Visualization can be used to understand complex information. It can also be used to mentally rehearse desired outcomes for personal growth, therapy or performance (see my article: Using the Mind-Body Connection to Create a Vision of What You Want).

Visualization uses the imagination to form pictures in your mind. This often involves using all your senses to simulate experiences and goals. This can improve focus, motivation and the development of new skills.

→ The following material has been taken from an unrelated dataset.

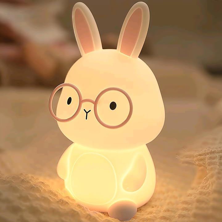 「かわいいバニーナイトライト」かわいいウサギのメガネは、魅力と機能性を融合させています. コンパクトなサイズと柔らかいシリコンデザインにより、ベッドサイドのお供や寝室、寮、デスクの装飾に最適です。

How is Visualization Used in Psychotherapy and Personal Development?
Here are some examples of how visualization can be used in psychotherapy and personal development:
  • Mental Rehearsal: Imagining yourself performing a task. This builds neural pathways which makes it easier to do in real life.
  • Goal Setting: Creating a clear mental picture of a desired future outcome to direct your unconscious mind and increase your motivation (see my article: Making the Unconscious Conscious).
  • Sensory Engagement: Using sight, sound, touch and smell to enhance the power of your imagery and make it more realistic.
What Are the Key Aspects of Visualization?
  • Mental Imagery: Visualization involves seeing in your mind's eye without actual visual input.
Visualization and Transformation
  • Brain Activation: Visualization activates similar brain areas as actual seeing and doing, which makes it a powerful training tool.
  • Technique: Visualization can involve the process (the steps it takes to achieve your goal) or the outcome you desire (the end result).
How I Learned to Use Visualization
When I first tried using visualization as part of a women's personal development group more than 25 years go, I had a hard time accessing visual images.  The other women around me were getting vivid imagery when they closed their eyes to visualize and I was getting nothing.

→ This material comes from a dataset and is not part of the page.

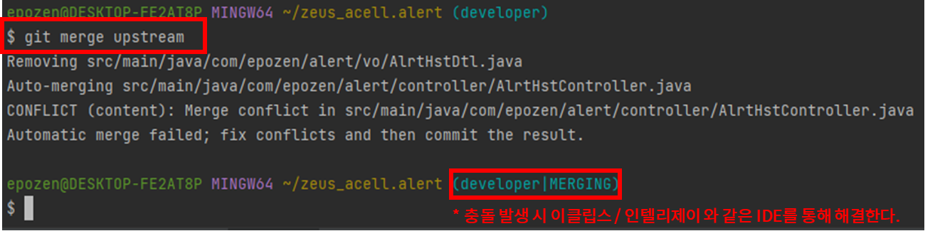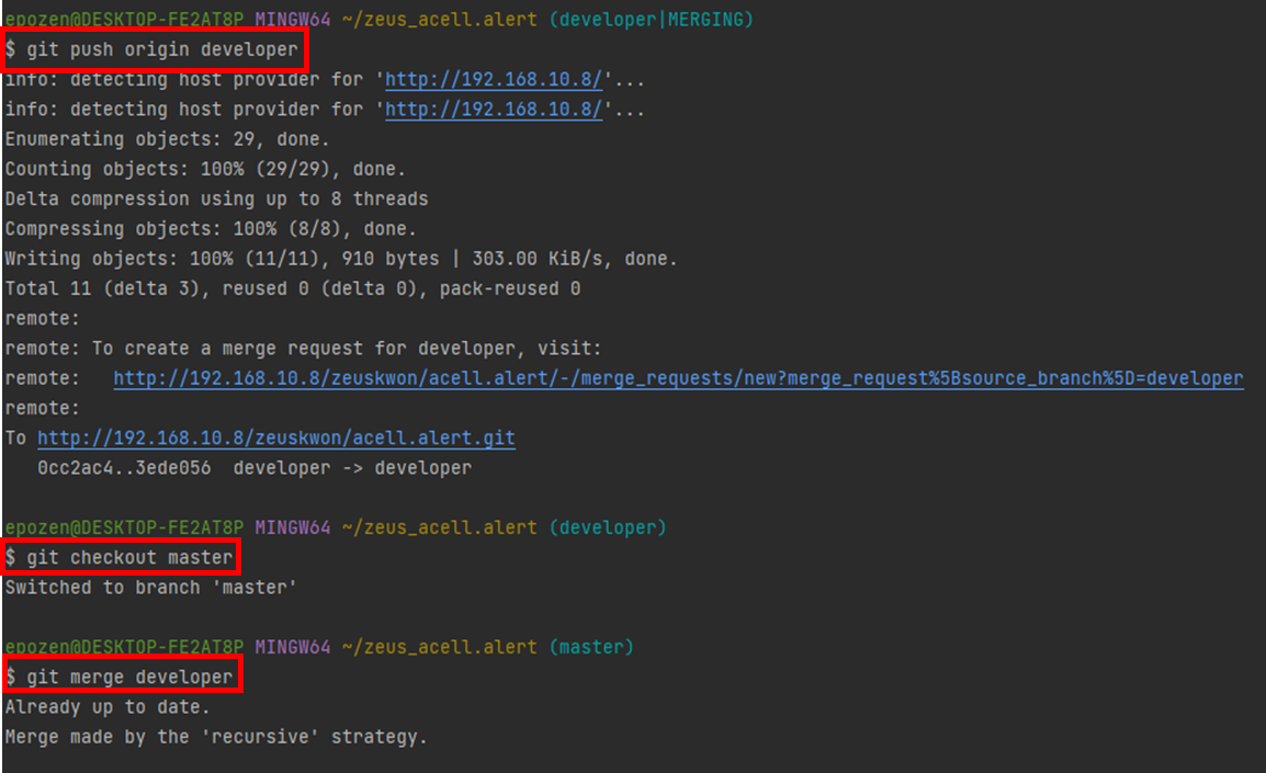 - git checkout master -> git merge developer(develope코드 master에 병합)

Then I discovered the book, Creative Visualization, by Shakti Gawain, and I began to practice regularly on my own in addition to group practice. And, with a lot of practice, I began to visualize simple things and, over time, my visualizations became more complex and vivid.

At the time, I had an administrative job near the East River in Manhattan and I would walk over to the river on my lunch hour and practice projecting images with my eyes open onto the flowing river.  This took time to develop, but it was fun and very satisfying to be able to imagine and see these images in the water.

Sometimes when my women's group got together, we would practice visualizations together as a way to develop intuition. Each women would take turns imaging an image and, over time, many of us could sense what the visualizer was imagining.  This made us realize that intuition, like visualization, can be developed with practice.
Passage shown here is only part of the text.